Method 2: Exponential Reward Scaling

Instead of linear rewards, use exponential to create a sharp peak near the target:

def exponential_tracking_reward(error, sigma=0.25):
    """
    exp(-error^2 / sigma) creates a bell-shaped reward.
    - Small sigma: only rewards when very close to target
    - Large sigma: rewards even when far from target
    """
    return torch.exp(-torch.square(error) / sigma)

# Velocity tracking with sigma=0.25
vel_reward = exponential_tracking_reward(vel_error, sigma=0.25)

# Height tracking with sigma=0.05 (stricter)
height_reward = exponential_tracking_reward(height_error, sigma=0.05)

Method 3: Adaptive Reward Scaling

Automatically adjust weights based on training progress:

class AdaptiveRewardScaler:
    """Auto-scale rewards to maintain equivalent magnitudes."""

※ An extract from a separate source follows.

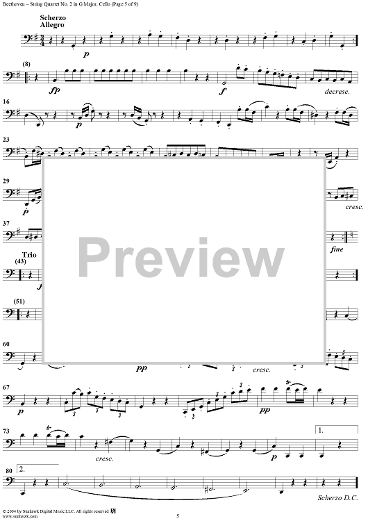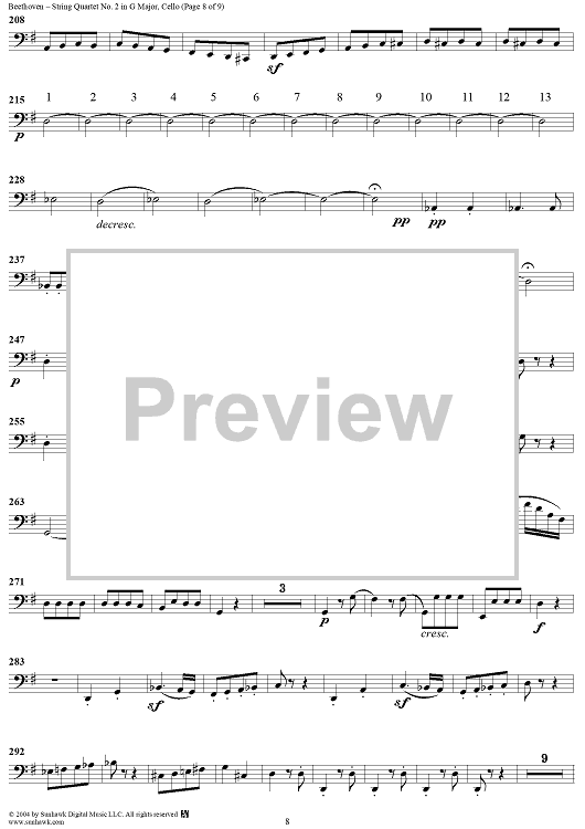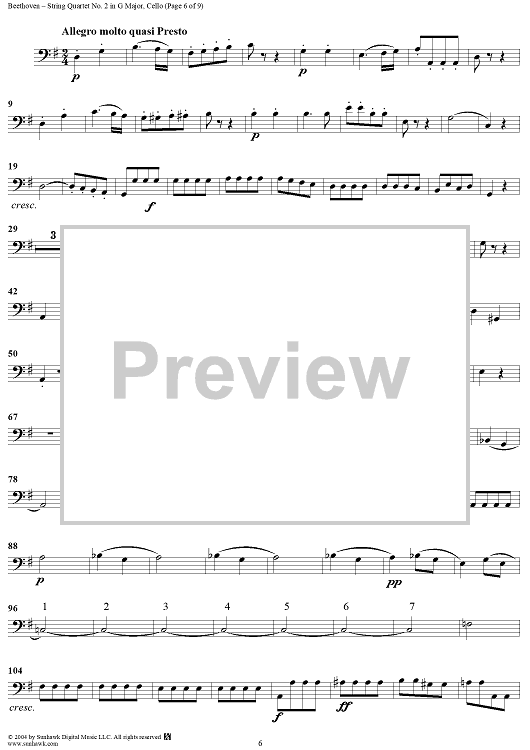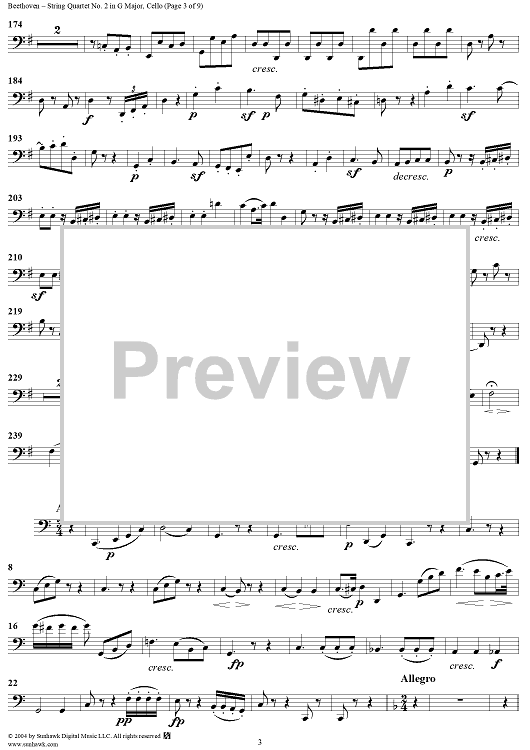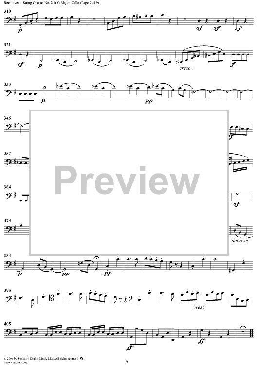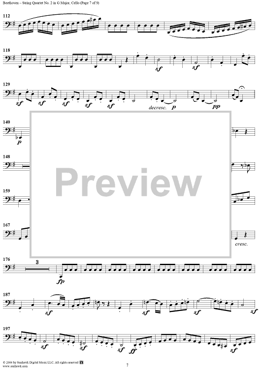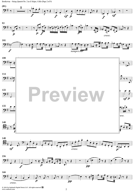 Digital Sheet Music for String Quartet No. 2 in G Major, Op. 18, No. 2 - Cello by Ludwig van Beethoven scored for String Quartet; id:118480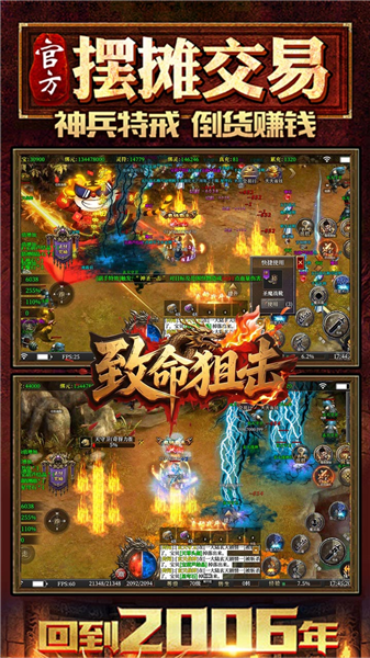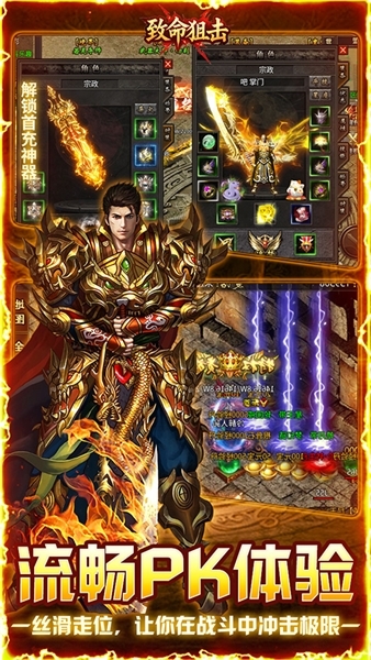 致命狙击传奇版隶属1.76神器微变品类的三职业传奇游戏,整体采用复古风格打造,其场景画风与人物建模均洋溢着经典传奇的独特韵味,足以唤醒玩家对传奇游戏的熟悉记忆。游戏场景的绘制细致入微且极具真实感,无论是幽暗的地牢还是雄伟的城池,都彰显出制作团队的匠心巧思。

    def __init__(self, reward_names, target_magnitude=1.0):
        self.ema = {name: target_magnitude for name in reward_names}
        self.alpha = 0.99

    def scale(self, rewards_dict):
        scaled = {}
        for name, value in rewards_dict.items():
            mag = torch.abs(value).mean().item()
            self.ema[name] = self.alpha * self.ema[name] + (1 - self.alpha) * mag

            if self.ema[name] > 1e-6:
                scaled[name] = value / self.ema[name]
            else:
                scaled[name] = value
        return scaled

Reward function design

Reward Curriculum: From Standing to Walking

Instead of training walking from scratch, curriculum learning helps stabilize training:

Phase 1: Standing (0-500 iterations)

curriculum_phase_1 = {
    "linear_vel_tracking": 0.0,     # Don't need to walk yet
    "upright": 2.0,                  # Priority: stand upright
    "base_height": 1.0,             # Maintain height
    "termination": -200.0,          # Penalize falling
    "torque": -0.0001,              # Energy efficiency
}
# Command velocity = [0, 0, 0]

Phase 2: Weight Shifting (500-1500 iterations)

curriculum_phase_2 = {
    "linear_vel_tracking": 0.3,     # Start tracking small velocity
    "upright": 1.5,
    "base_height": 0.8,
    "contact_pattern": 0.2,         # Start requiring foot alternation
    "foot_clearance": 0.1,
    "termination": -200.0,
    "torque": -0.0001,
}
# Command velocity = [0.2, 0, 0]  # slow

Phase 3: Walking (1500-5000 iterations)

curriculum_phase_3 = {
    "linear_vel_tracking": 1.5,     # Full tracking
    "angular_vel_tracking": 0.8,
    "upright": 0.5,
    "base_height": 0.3,
    "foot_clearance": 0.3,
    "contact_pattern": 0.4,
    "foot_slip": -0.1,
    "action_rate": -0.01,
    "torque": -0.00005,
    "joint_acceleration": -0.0001,
    "termination": -200.0,
    "joint_limit": -1.0,
    "feet_air_time": 0.2,
}
# Command velocity = random[-1.0, 1.0] m/s
class RewardCurriculum:
    """Reward curriculum manager."""

    def __init__(self):
        self.phases = [
            (0, curriculum_phase_1),
            (500, curriculum_phase_2),
            (1500, curriculum_phase_3),
        ]

    def get_weights(self, iteration):
        """Return weights appropriate for current iteration."""
        current_weights = self.phases[0][1]
        for threshold, weights in self.phases:
            if iteration >= threshold:
                current_weights = weights
        return current_weights

    def get_command_range(self, iteration):
        """Gradually increase command velocity range."""
        if iteration < 500:
            return {"vx": [0, 0], "vy": [0, 0], "yaw": [0, 0]}
        elif iteration < 1500:
            return {"vx": [0, 0.3], "vy": [-0.1, 0.1], "yaw": [-0.2, 0.2]}
        else:
            progress = min((iteration - 1500) / 3500, 1.0)
            max_vx = 0.3 + progress * 0.7
            return {
                "vx": [-0.3, max_vx],
                "vy": [-0.3 * progress, 0.3 * progress],
                "yaw": [-0.5 * progress, 0.5 * progress],
            }

Ablation Study: What Does Each Reward Term Contribute?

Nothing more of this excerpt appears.